Friends far to the south of us have told me that they have only a couple of weeks to harvest their haskap orchard before the berries begin to shrivel. A couple of days ago I took these photos in our orchard. We have several hundred plants which have not been harvested. While the berries do not have the same firmness as when they were first ripe, they are still juicy and flavourful and awaiting our final harvest and will be boiled down, perhaps even in the field, for dyeing wool later in the winter.
We also harvested a great amount of dwarf sour cherries and are interested in seeing how colour-fast these will be as well…
[JT from] the Manitoba Weaver’s and Spinner’s Guild kindly gave me a bottle of the dye juice. Wonderful results! I used 400 grams total of a combination of Shetland/Texel fleece, mohair locks and silk roving. I continued to use the dye bath for subsequent fibres until it totally exhausted. In [the] end I dyed roughly 1600 gams of fibre in lighter and lighter shadings. Thank you for the opportunity to use this dye – I shall order more next summer. – MH
…thank you MH!
Juiced haskap produces a haskap sludge (top left), and a thickened juice upon refrigeration (top right).

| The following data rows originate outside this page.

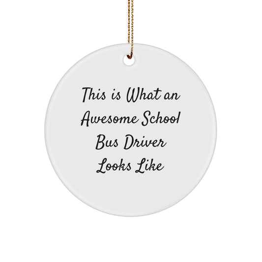Funny School Bus Driver Gifts - This Is What An Awesome School Bus Driver Looks Like, Circle Ornament for Men or Women, Christmas Memorable Presents from Friends or Family
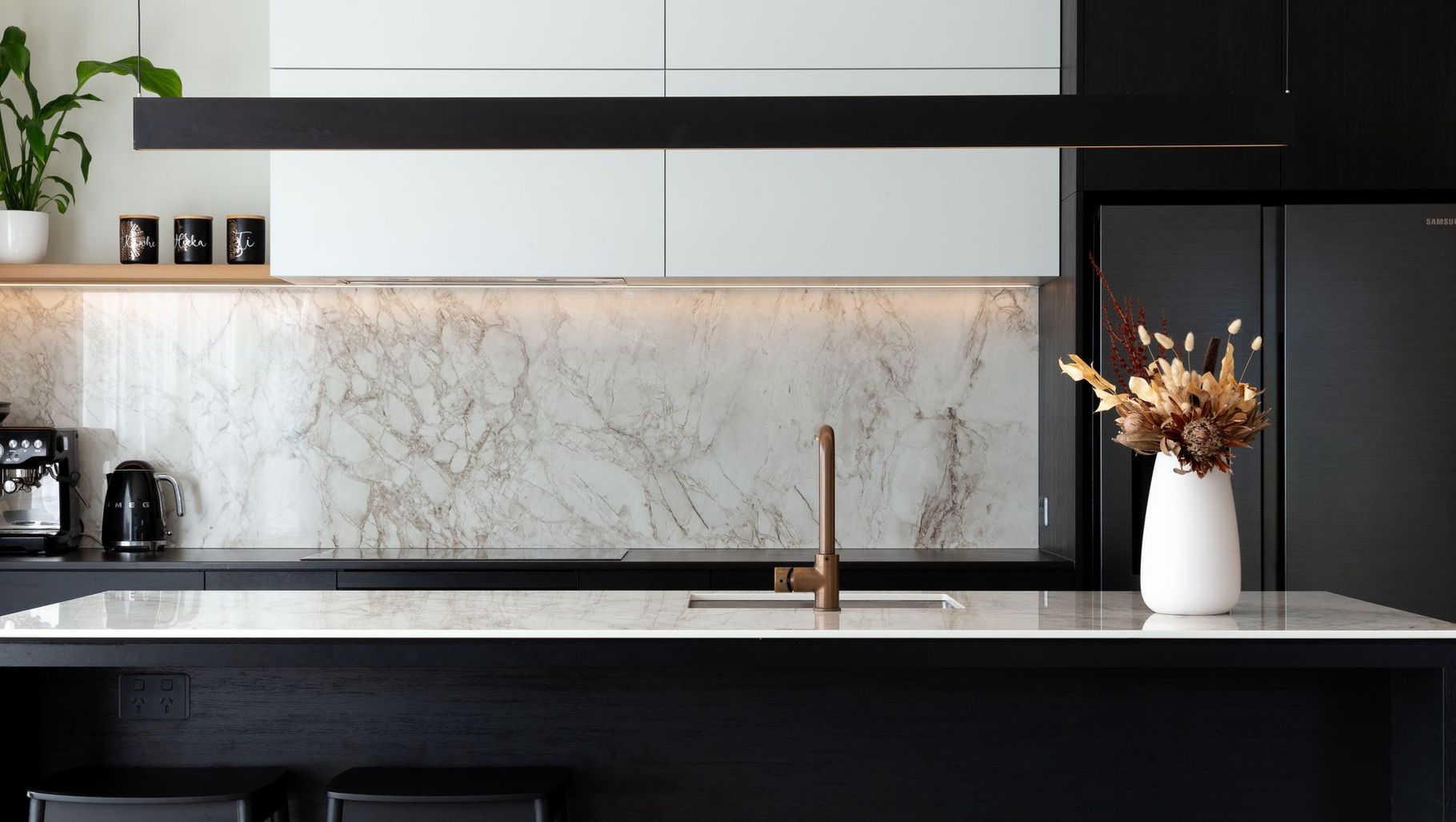 ArchiPro Project Summary - A stylish, contemporary home showcasing high-end design on a practical budget, featuring luxurious wool carpets, warm timber accents, and a stunning kitchen island, all while providing a comfortable space for its resident pooch, Peppa.
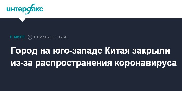 Москва. 8 июля. INTERFAX.RU - Решением властей юго-западной китайской провинции Юньнань с четверга закрыты все пункты выезда и въезда в город Жуйли на границе с Мьянмой из-за распространения коронавирусной инфекции, сообщают местные СМИ.
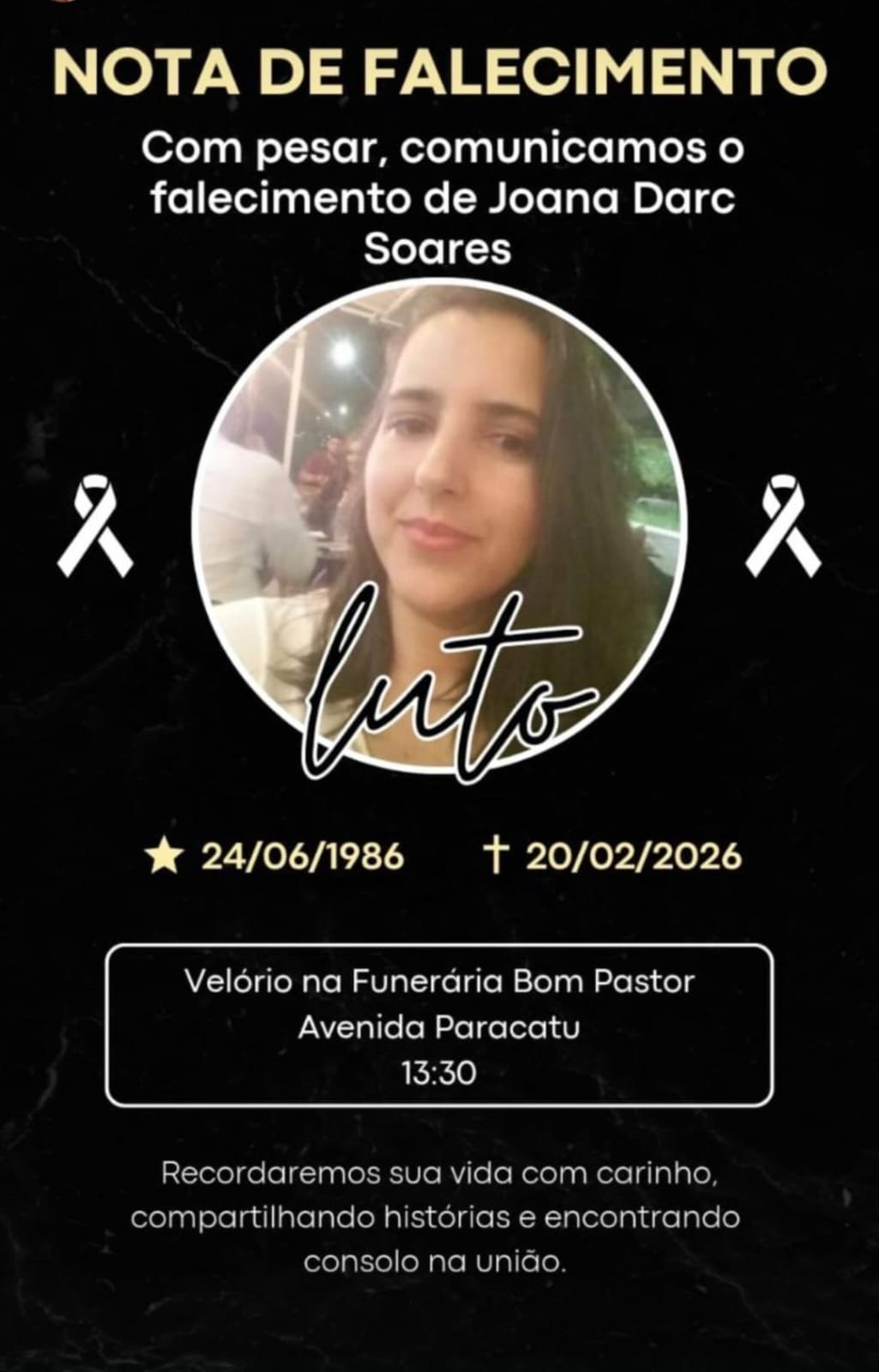 Com o forte impacto da colisão, Joana não resistiu aos ferimentos e morreu ainda no local. Outras duas pessoas ficaram gravemente feridas.
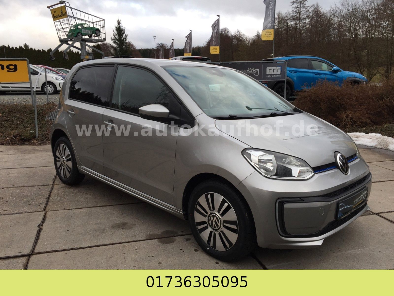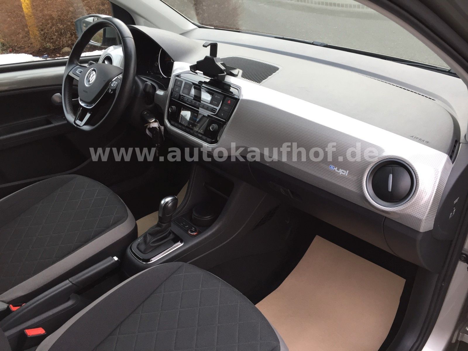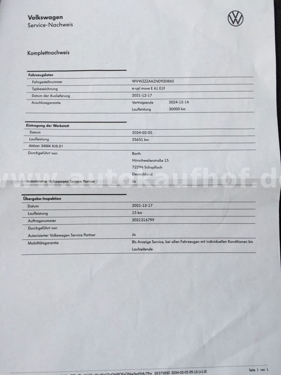• Weitere Ausstattung: Airbag Fahrer-/Beifahrerseite, Beifahrerairbag abschaltbar, Akustischer Fußgängerschutz, Außensound (e-sound), Ambiente-Beleuchtung, Antriebs-Schlupfregelung (ASR), Audiosystem Composition Phone (Bluetooth, SD-Karten-Schnittstelle, AUX-IN), Automatische Fahrlichtschaltung (ALS) mit Leaving Home / Coming-Home-Lichtfunktion, Außenspiegel asphärisch, links, Außenspiegel elektr. verstell- und heizbar, Bluetooth-Schnittstelle für Mobiltelefon, Bremsassistent, Chrom-Paket 2, Dachhimmel Stoff, grau, Einparkhilfe hinten, Einstiegsleisten (Aluminium), Elektromotor 61 kW, Funkschlüssel (2) klappbar, Fußmatten Textil, Gepäckraumabdeckung / Rollo, Gepäckraumbeleuchtung, Gepäckraumboden höhenverstellbar, Gepäcksicherungsnetz, Getriebe für Elektrofahrzeug, Handbremshebelgriff Leder, Handschuhfach mit Klappe, Heckscheibe heizbar, Heckscheibenwischer, Innenausstattung: Dekor Shark Skin, Innenspiegel abblendbar, Isofix-Aufnahmen für Kindersitz an Rücksitz, Karosserie: 4-türig, Kennzeichenbeleuchtung LED, Klimaanlage Climatronic 1-Zonen, Kopfstützen hinten, Ladekabel mit Schukostecker, Ladekabel mit Typ 2-Stecker (Mode 3), Lautsprecher (6), Lenksäule (Lenkrad) höhenverstellbar, LM-Felgen, Mobile Online Dienste VW Connect, Modellpflege (2), Motor-Schleppmoment-Regulator (MSR), Multifunktionsanzeige / Bordcomputer, Multimedia-Schnittstelle USB, Nebelschlussleuchte, Radioempfang digital (DAB+), Reifen-Reparaturkit (Tire Mobility Set), Reifenkontroll-Anzeige, Rückfahrkamera (Rear View), Rücksitzlehne geteilt, Schalt-/Wählhebelgriff Leder, Scheinwerfer Halogen H4, Schnellladevorrichtung (CCS-Ladedose), Schwellerverbreiterung Wagenfarbe, Seitenairbag vorn mit Kopf-Airbag-Einheit, Sitzbezug / Polsterung: Stoff Cross, Sitzheizung vorn, Smartphone Halterung maps+more Dockingstation, Sonnenblende rechts mit Spiegel, Stabilisator vorn, Stoßfänger lackiert, Türgriffe außen Wagenfarbe, Verbandkasten und Warndreieck, Verglasung hinten abgedunkelt (65 %), Warnanlage für Sicherheitsgurte vorn und hinten, Zierleiste blau Heckklappe/-Deckel unten

The results of using juiced hakap in the dye pot turned out to be exactly the same as having used berries, covered in water, heated, and strained.
The end product looked exactly like the skein third from the right.
Dye pot simmering…1 hour…then cooled…
Wool Being Dyed With Haskap from the haskap orchard on Vimeo.
Here’s the results from yesterday’s mordant trials. Using all haskap berries/haskap berry derived products this range of colour was achieved by varying the mordants and application timing. I think that the possibilities are very wide-ranging. Beautiful, no?